I started from scratch, all 4 drives on on-board controller, AHCI mode on, created 4K sector v28 pool with striped mirrors using FreeBSD 9.0-RC1 LiveCD. Explicit checksum=fletcher4, compression=off settings on root file system. dd'ed a 10 GB file to it, and reading it gives the usual bad ~30 MB/sec reading per drive (visible with zpool iostat and gstat). Lowering vfs.zfs.vdev.min_pending and vfs.zfs.vdev.max_pending gives no difference.

So I exported the pool, booted an OpenIndiana installation CD, imported the pool, we dd read the same file using same block size, and there we go, zpool iostat reports we get 70 MB/sec per drive and everything completes twice as fast.

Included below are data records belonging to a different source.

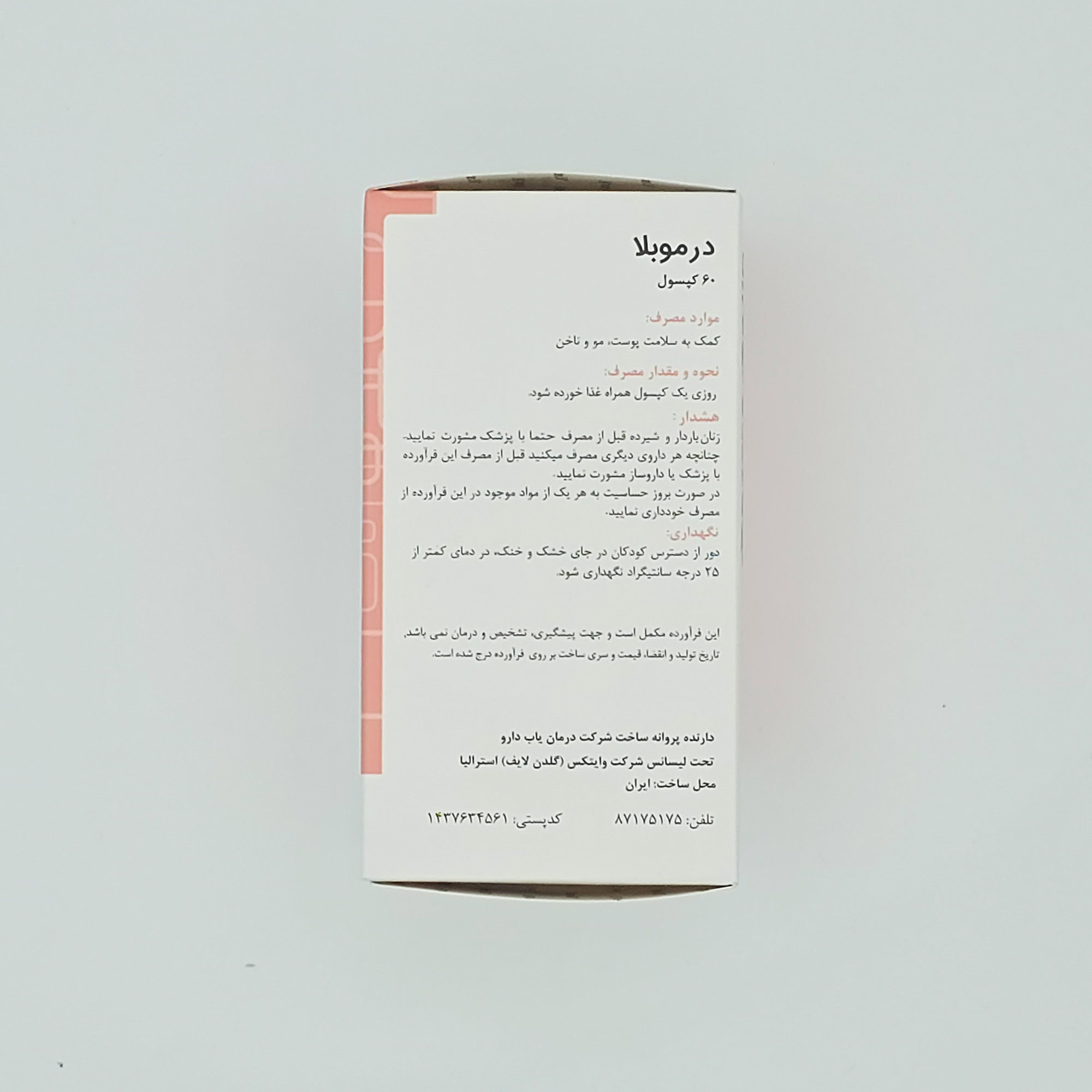 درموبلا دارنده پروانه ساخت شرکت درمان یاب دارو ایران و تحت برند شرکت وایتکس (گلدن لایف) استرالیا در بسته بندی 30 و 60 عددی تولید و عرضه شده است. فرم دارویی این مکمل در واقع کپسول بوده اما به عنوان قرص درموبلا نیز در بین عموم مردم شناخته شده است.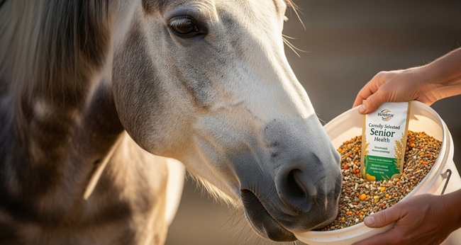 Several feed companies offer extruded grain products formulated specifically for an older horse. These products may prove beneficial to increase the horse’s feed utilization. If a horse cannot chew hay sufficiently, then a complete feed that is high in fiber can be given. Many feeds specially formulated for senior horses are high in fiber and fat and can be fed as a mash, to give the horse all that is nutritionally required.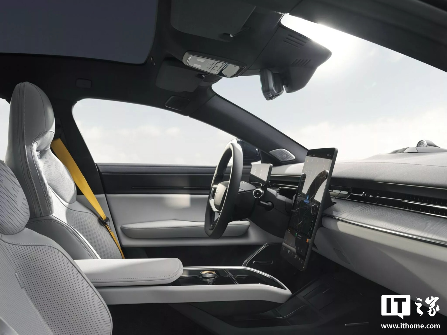 前排座椅由极星与 Recaro 联合设计,材质可选 MicroTech 仿麂皮或 Bridge of Weir 纳帕真皮,同时配备加热、通风与按摩功能。
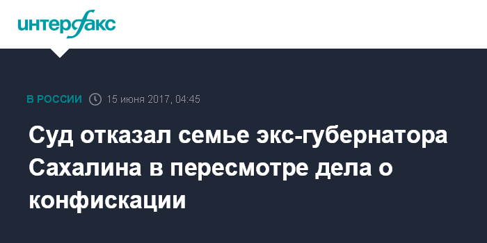 Суд отказал семье экс-губернатора Сахалина в пересмотре дела о конфискации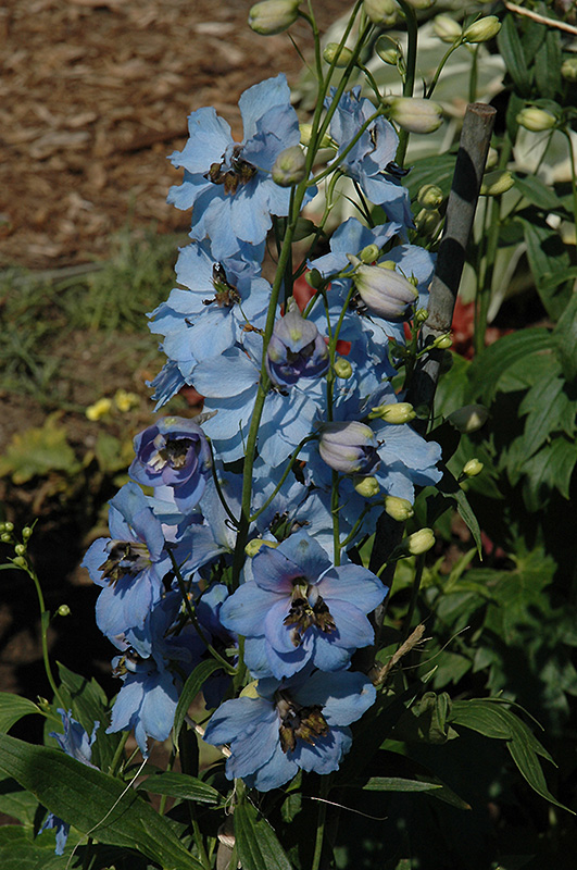 Moonlight Blues Larkspur will grow to be about 24 inches tall at maturity extending to 3 feet tall with the flowers, with a spread of 18 inches. When grown in masses or used as a bedding plant, individual plants should be spaced approximately 12 inches apart. It tends to be leggy, with a typical clearance of 1 foot from the ground, and should be underplanted with lower-growing perennials. The flower stalks can be weak and so it may require staking in exposed sites or excessively rich soils. It grows at a medium rate, and under ideal conditions can be expected to live for approximately 10 years. As an herbaceous perennial, this plant will usually die back to the crown each winter, and will regrow from the base each spring. Be careful not to disturb the crown in late winter when it may not be readily seen!
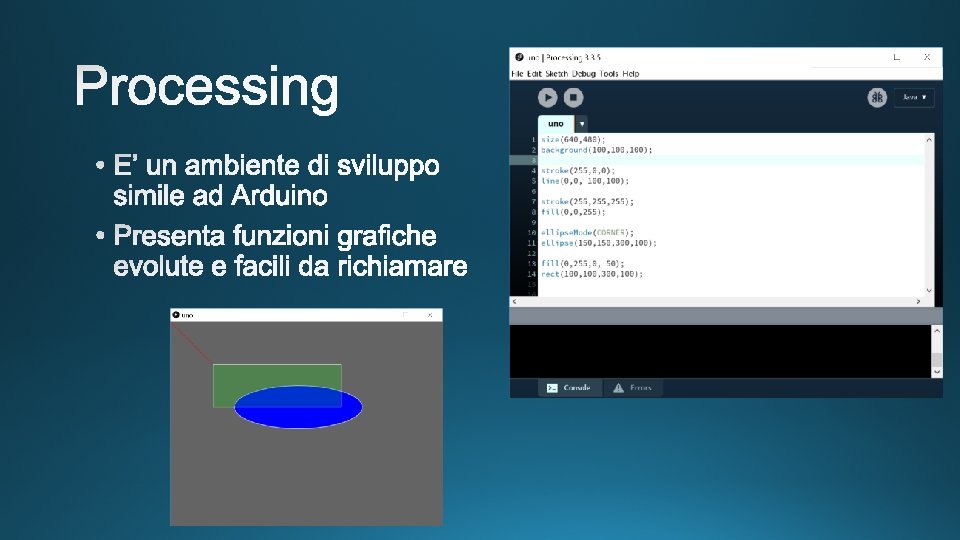 • Funzioni setup{} e draw {} • Funzioni legate allo stato del Mouse • Funzione per disegnare (o meno) il background
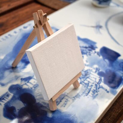 Blank Stretched Mini Canvas with Mini Wood Easel Set.

So apparently something is up with FreeBSD's ZFS implementation combined with my hardware combo...

Sebulon · Oct 29, 2011

I would also be very interested to see the same tests performed on 8.2-RELEASE and also 8-STABLE, to see if this is due to the implementation of V28 in general, or if this is restricted only to FreeBSD 9.

/Sebulon

Sfynx · Oct 29, 2011

8.2-RELEASE (pool v15, fs v4) also fails to load-balance mirrors during reads. Will see what happens with 8-STABLE.

Sfynx · Oct 29, 2011

And I got a breakthrough, feeling a bit stupid for not trying this earlier:

vfs.zfs.prefetch_disable was set to 1 due to the slightly less than 4 GB RAM available to FreeBSD. Setting this to 0 myself finally results in the excellent read speeds I also experienced in OpenIndiana. I get a steady 290 MB/sec read figure from the pool now. This also explains why writes were not affected.

I never expected this setting to be that big of a difference on mirrors, but in my case it seems so.

This rig will have 16 GB of RAM fairly soon, I expect that to be enough to leave prefetching enabled.

By the way, when I scrub the pool, it reports > 200 MB/sec scrub performance regardless of prefetch settings.